Your job is to sketch the important compositional elements and key figures of both artworks.

Now the key word here is SKETCH.  This is not to be a perfect copy, nor it is not to be a perfect forgery that captures every nuance; it is to be a quick little drawing.

Really, don’t spend more than five minutes on each drawing.  I am talking to you, “AP-Studio-Art-Student-and-Obsessive-Compulsive-Drawer.”  Seriously, don’t go crazy with this.

What I Am Looking For

I am not looking for realism, proportion, anatomy, shading, or any of those things.  I only want to see the important elements and where they reside in the picture.  Treat this like a tableaux vivant:  decide what is important in the picture and then show me that.

What I want to see are stick figures and sausage people lined up in relatively the right place on the page.  I want to know where the light is coming from.  I want to know where the implied lines are leading my eye.  I want to know where the horizon line might be.

I will be grading this not on artistic skill nor aesthetics.  I will be grading on how well it replicates the important elements of the work.
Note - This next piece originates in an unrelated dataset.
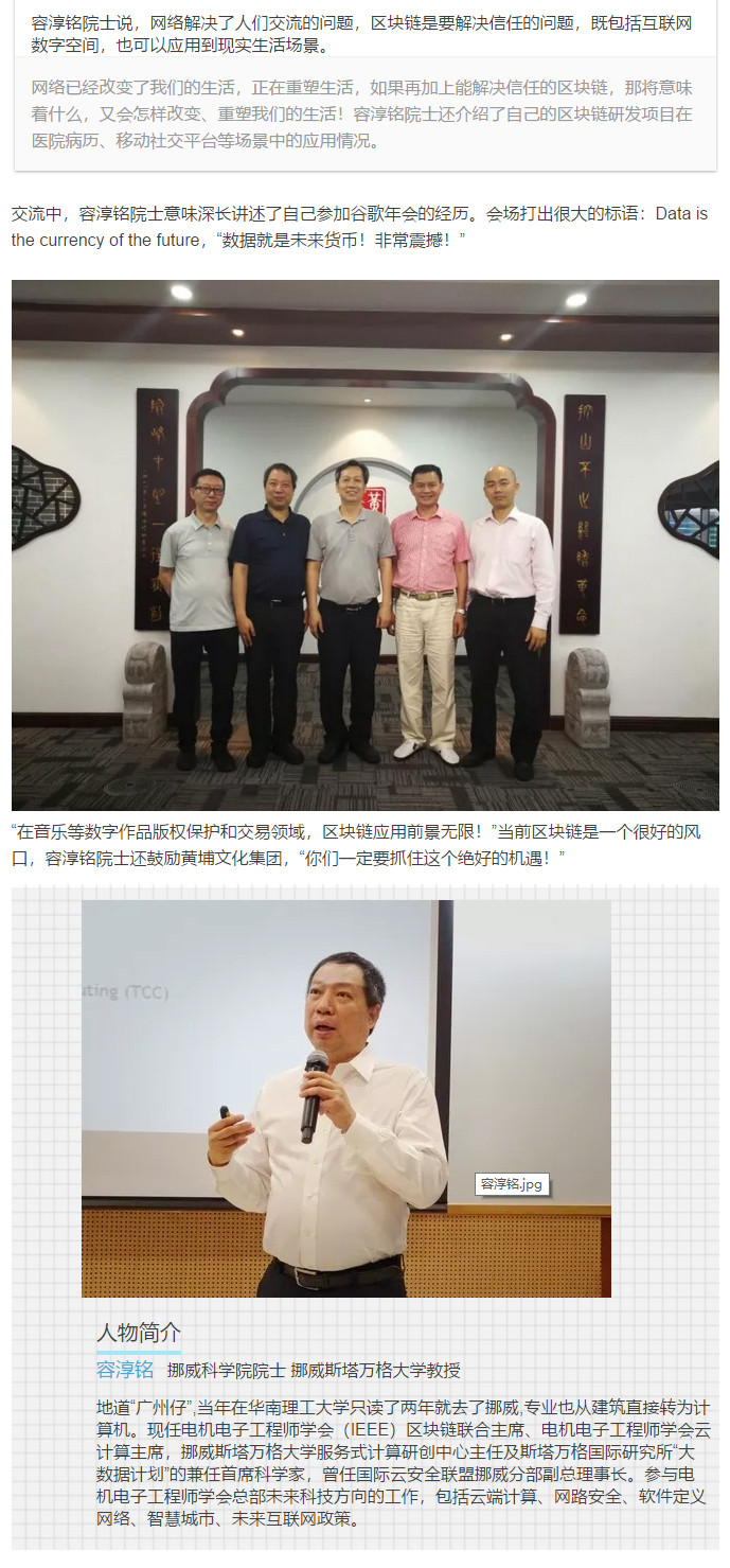 容淳铭院士来访:文化上“链”大有可为!黄埔文化春天,迎来区块链云!

…and I have one more question.

After you have sketched both images, and figured out all of the key elements, I want you to tell me:

How are these two images similar compositionally?



Materials List

  • The sketch can be done on notebook paper or any other similar material
  • A normal #2 pencil will do the job just fine
  • Whatever you draw… take a picture of it and send me that picture

What I Hope This Accomplishes For You

This exercise is like a tableaux vivant:  it is designed to help you pay attention to what is important in a work of art.  By taking the time to quickly sketch out a complex work, we can break it down and see all of its components.

It is also my hope that this will become a tool for you to use on tests, when taking notes, or anytime you are wanting to investigate a work of art.  Taking five minutes to quickly sketch your first impressions can do a lot to inform you about the work.

How You are Turning In Your Work

As you know, I don’t want posters, glitter, and feathers.  For this assignment, once you have completed your sketch, photograph it and send me that photo.  You may email the photo, email me a link to the photo, or bring it in on a portable drive.  If you absolutely must, I will take a physical photo.

I will not grade an image on a phone.

Turning in Work Electronically

You are most likely giving me some sort of file.  To make things easier, and to ensure that you receive credit for your work, be sure to include your name in the file name, like this:

Names in File Names Example

Photos of your sketches are due Tuesday 12/1/15,  by 11 p.m. This is a formative grade.